Bloomberg Charity Grants Money to Israeli Cities

Tel Aviv and Jerusalem chosen as two out of 14 cities to receive grant money from Bloomberg Philanthropies

Cynthia Blank ,

A view of Jerusalem from the Mount of Olives
A view of Jerusalem from the Mount of Olives
Israel news photo: Flash 90

Michael Bloomberg's charity announced last Monday that it will provide urban innovation grants to Israel's two biggest cities - Tel Aviv and Jerusalem. 

Tel Aviv, located along the Mediterranean in central west Israel, has a population of 414,600 residents. Jerusalem, nestled in the Judean hill in the eastern part of the country, has a population of 801,000. 

Bloomberg, a billionaire businessman and former mayor of New York City, is a staunch supporter of the Jewish state. 

During Operation Protective Edge, Bloomberg flew to Tel Aviv, after the United States' Federal Aviation Administration declared a ban on flights to and from Israel, in an effort to "show solidarity with the Israeli people and to demonstrate that it is safe to fly in and out of Israel.”

“Ben Gurion is the best protected airport in the world and El Al flights have been regularly flying in and out of it safely,” Bloomberg said at the time. “The flight restrictions are a mistake that hands Hamas an undeserved victory and should be lifted immediately." 

Jerusalem and Tel Aviv were two out of 14 cities designated to receive grants from Bloomberg Philanthropies for its Innovation Teams program. The grants total $45 million. 

Tel Aviv-Yafo will receive $650,000, while Jerusalem will receive $850,000. They are the first two cities outside of the United States to receive such grants. 

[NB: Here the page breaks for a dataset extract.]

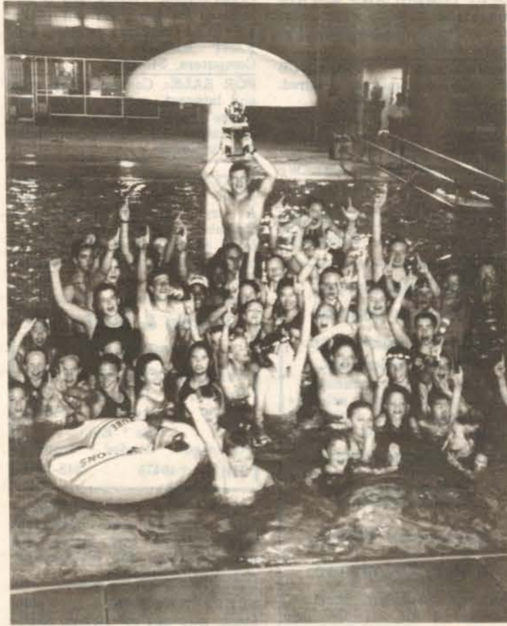
Greenbelt Barracudas celebrate their Division C Championship in the Prince-Mont League and proudly display their championship trophy at the Greenbelt swimming pool.

The funds will be used to hire "innovation teams" for three years as part of a program to “improve the capacity of City Halls to effectively design and implement new approaches that improve citizens’ lives - relying on data, open innovation, and strong project and performance management to help mayors address pressing urban challenges,” Bloomberg Philanthropies wrote in a December 15 statement. 

Jerusalem plans to use the new personnel to address issues of poverty and economic development, while Tel Aviv-Yafo will focus its attention on illegal immigration and the high cost of living, according to that same statement.